The executive team has mandated a 99.99% composite SLA with less than 50ms video start time globally and the ability to survive a complete Azure region failure with less than 2 minutes of user-visible impact. The platform must be active in 3 regions simultaneously (East US 2, North Europe, Japan East), not in an active-passive configuration. Every region must serve production traffic at all times, and if any single region fails, the remaining two must absorb its traffic without degradation.

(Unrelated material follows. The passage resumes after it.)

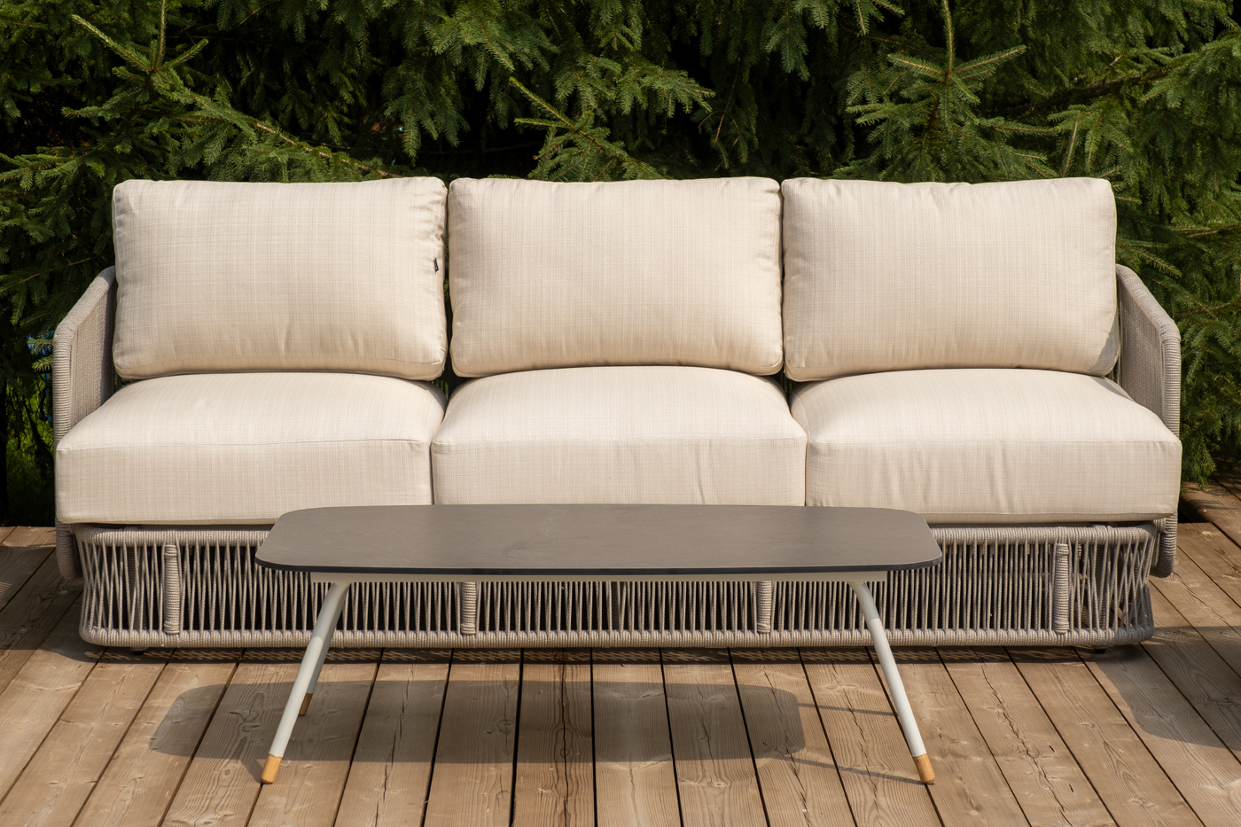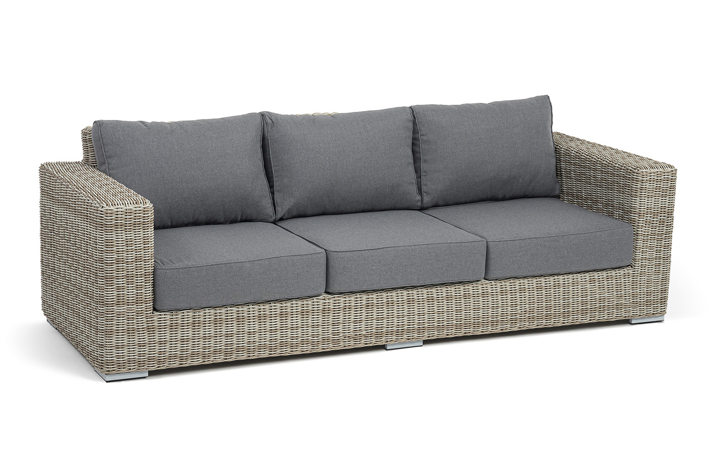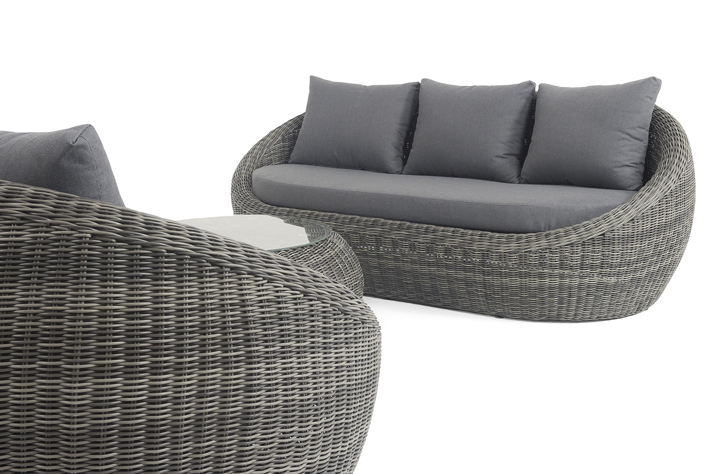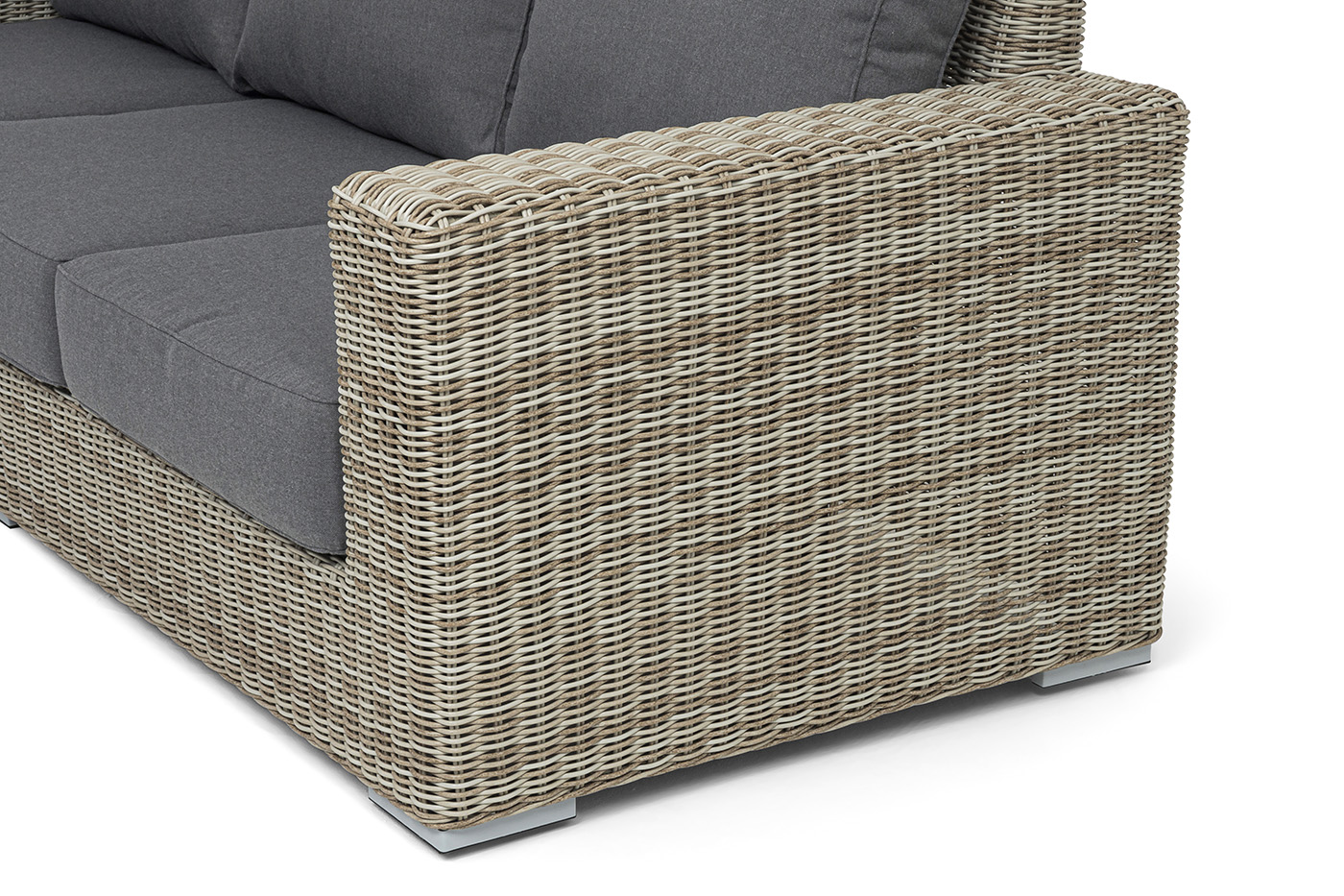 - Диваны — прямые 2-3-местные и угловые модели для террас, веранд и зимних садов. Плетение создаёт изящный дизайн, а мягкие подушки из влагостойких тканей обеспечивают комфорт. Каркас из алюминия выдерживает нагрузку до 150 кг на одно место. Глубина сиденья 65-75 см позволяет удобно расположиться для отдыха.
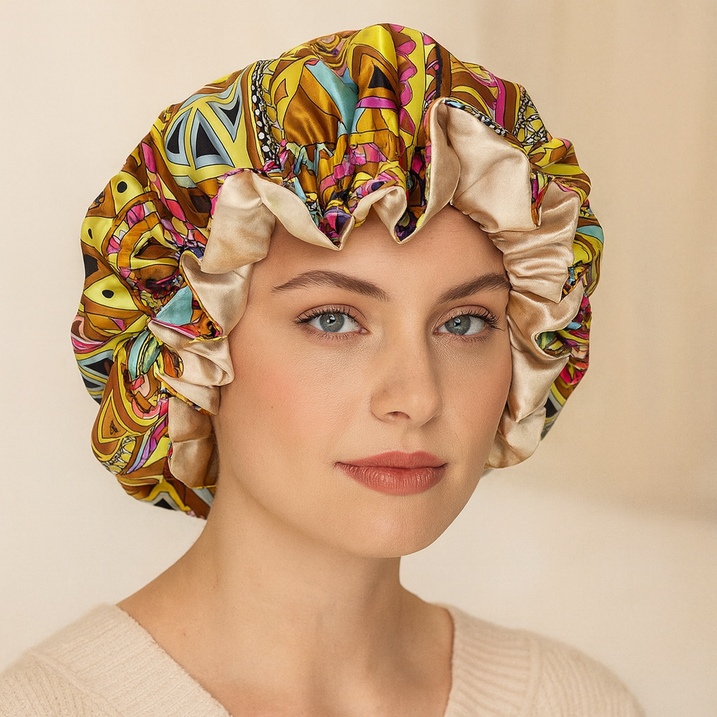 Die Helen Bonnet ist sowohl auf Schönheit als auch auf Funktionalität ausgelegt und bietet einen sicheren, aber angenehmen elastischen Sitz. Ihr stilvolles Aussehen macht sie perfekt für die Schlafenszeit oder zum Entspannen, wobei sichergestellt wird, dass Ihr Haar geschützt bleibt, während Sie stilvoll relaxen.

This is the Domain 3 capstone challenge. You will combine all high availability, backup, and disaster recovery concepts from Challenges 25-32 into a complete, production-grade multi-region architecture. You must calculate the composite SLA mathematically, prove it meets the 99.99% target, and demonstrate that every component has appropriate redundancy.

Exam skills covered

Recommend a high availability solution for compute
Recommend a high availability solution for relational data
Recommend a high availability solution for semi-structured and unstructured data
Recommend a recovery solution for Azure and hybrid workloads that meets recovery objectives

Design tasks

Part 1: global Traffic routing and edge layer

Design the global entry point using Azure Front Door:
- Configure 3 origin groups (East US 2, North Europe, Japan East)
- Routing method: latency-based (users routed to nearest healthy region)
- Health probes: HTTP on /health endpoint, 10-second interval, 3 failures = unhealthy
- Calculate failover detection time: probe interval x failure threshold = ?
Design the CDN and caching strategy:
- Video content: serve from Azure CDN (or Front Door caching rules) with 24-hour TTL
- API responses: cache personalized data? (No - dynamic content bypasses cache)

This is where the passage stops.